Ilustrasi Mogok massal di Caracas 5/7 menentang rencana Presiden Nicolas Maduro menggelar referendum untuk membentuk Majelis Konstitusi

VENEZUELA – Seorang ahli hak asasi manusia PBB menyatakan keprihatinan setelah AS menjatuhkan sanksi pada perusahaan minyak milik negara Venezuela.

“Saya khususnya prihatin mendengar laporan bahwa sanksi ini ditujukan untuk mengubah pemerintah Venezuela,” kata Pelapor Khusus Idriss Jazairy dalam sebuah pernyataan tertulis, Kamis (31/1/2019), yang diterima Anadolu.

Jazairy mengatakan sanksi itu bisa memicu krisis kesehatan.

“Sanksi yang dapat menyebabkan kelaparan dan kekurangan medis bukanlah jawaban untuk krisis di Venezuela,” katanya.

Dia mencatat bahwa krisis di Venezuela tidak akan diselesaikan dengan sanksi.

“Mengendapkan krisis ekonomi dan kemanusiaan bukan fondasi untuk penyelesaian sengketa secara damai,” katanya.

Jazairy menyerukan belas kasih bagi rakyat Venezuela.
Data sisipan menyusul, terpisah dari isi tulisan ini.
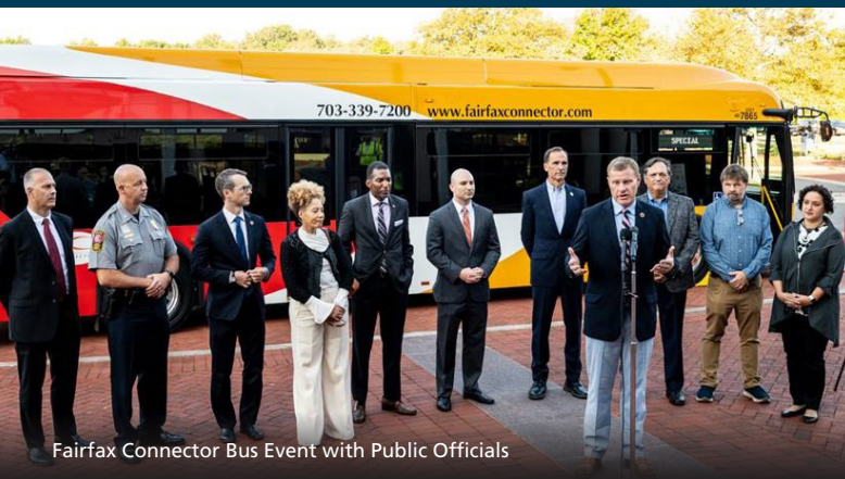
Fairfax Connector Bus Event with Public Officials

The Director serves on the Deputy County Executive's Leadership Team and represents FCDOT at meetings with the Board of Supervisors, the County Executive, the Northern Virginia Transportation Authority (NVTA), the Metropolitan Washington Council of Governments (MWCOCG), WMATA, and others.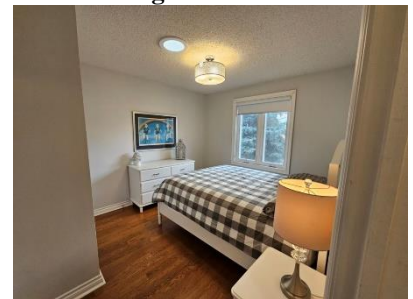
Pic. 12: Bedroom 4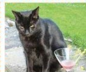
"Could somebody please bring me the wastebasket?"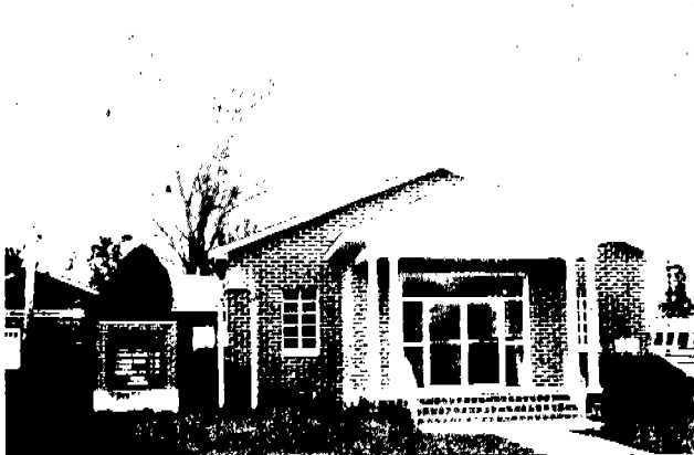
Color contrast being absent on the steeple against the sky, this beautiful part of the Church does not show in picture.

We are proud to be the first and second place church in the Florida State Baptist Convention percentage wise in World Missions through the Cooperative Program.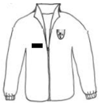
Reversible Waterproof/ Fleece ( N/P nametape on Fleece side)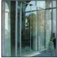
In the Floor Sliders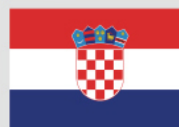
Croatian Police Ordering Model: XT1C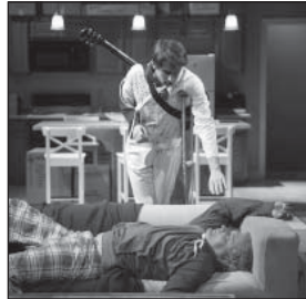
A scene from End Days.

"End Days" Runs through April 26th! It's the end of the world! Maybe. At least some members of the Stein family think so, and in this time of existential need each member turns to his own spiritual counselor. But with Jesus, Rabbi Baumbach, and Stephen Hawking amidst, might the Steins also find comfort in one other? WCP is located at 3014 W. Irving Park Rd. For dates and times, call 312-374-3196 or visit www.windycityplayhouse.com .

Dia juga meminta komunitas internasional untuk terlibat dalam dialog konstruktif dengan Venezuela untuk menyelesaikan masalah.

Pada hari Senin, AS memberlakukan sanksi terhadap perusahaan minyak milik negara Venezuela, PDVSA, dan anak perusahaannya di AS, Citgo untuk menekan Presiden Nicolas Maduro untuk mundur.